▸ TASK DESCRIPTION:
Beginning with the line containing "Objevte jednoduchou a" and going on through the line containing "本セミナーでは、金融機関向け", the lines below are to be returned exactly, pictures excluded and nothing added.

▸ STUDY MATERIAL:
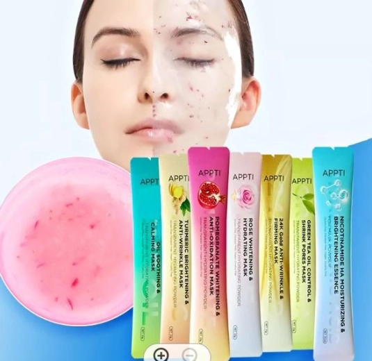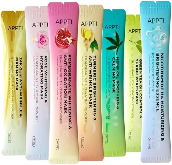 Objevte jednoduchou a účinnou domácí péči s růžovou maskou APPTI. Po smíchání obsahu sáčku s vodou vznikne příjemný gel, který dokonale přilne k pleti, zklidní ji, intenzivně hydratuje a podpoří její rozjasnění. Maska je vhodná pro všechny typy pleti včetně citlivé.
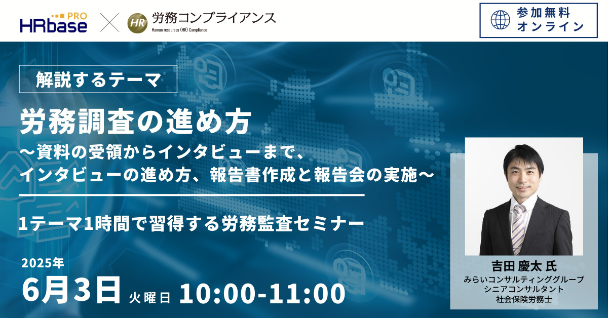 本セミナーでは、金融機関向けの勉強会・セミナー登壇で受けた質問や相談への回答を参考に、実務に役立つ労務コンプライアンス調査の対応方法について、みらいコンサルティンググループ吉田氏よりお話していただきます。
---
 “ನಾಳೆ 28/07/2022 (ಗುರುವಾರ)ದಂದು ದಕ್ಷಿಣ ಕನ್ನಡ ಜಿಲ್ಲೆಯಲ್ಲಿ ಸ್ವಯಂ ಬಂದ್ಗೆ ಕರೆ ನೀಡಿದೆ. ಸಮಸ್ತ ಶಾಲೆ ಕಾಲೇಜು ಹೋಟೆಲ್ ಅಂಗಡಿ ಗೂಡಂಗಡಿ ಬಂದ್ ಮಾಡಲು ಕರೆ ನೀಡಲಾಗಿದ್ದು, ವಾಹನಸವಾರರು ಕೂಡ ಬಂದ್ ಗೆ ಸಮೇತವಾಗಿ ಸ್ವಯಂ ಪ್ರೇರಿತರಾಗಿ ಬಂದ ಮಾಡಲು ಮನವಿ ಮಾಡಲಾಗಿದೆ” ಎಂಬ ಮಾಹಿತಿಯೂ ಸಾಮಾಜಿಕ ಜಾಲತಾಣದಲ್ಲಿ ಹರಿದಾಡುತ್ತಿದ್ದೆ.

▸ ANSWER FOR THE TASK:
 Objevte jednoduchou a účinnou domácí péči s růžovou maskou APPTI. Po smíchání obsahu sáčku s vodou vznikne příjemný gel, který dokonale přilne k pleti, zklidní ji, intenzivně hydratuje a podpoří její rozjasnění. Maska je vhodná pro všechny typy pleti včetně citlivé.
 本セミナーでは、金融機関向けの勉強会・セミナー登壇で受けた質問や相談への回答を参考に、実務に役立つ労務コンプライアンス調査の対応方法について、みらいコンサルティンググループ吉田氏よりお話していただきます。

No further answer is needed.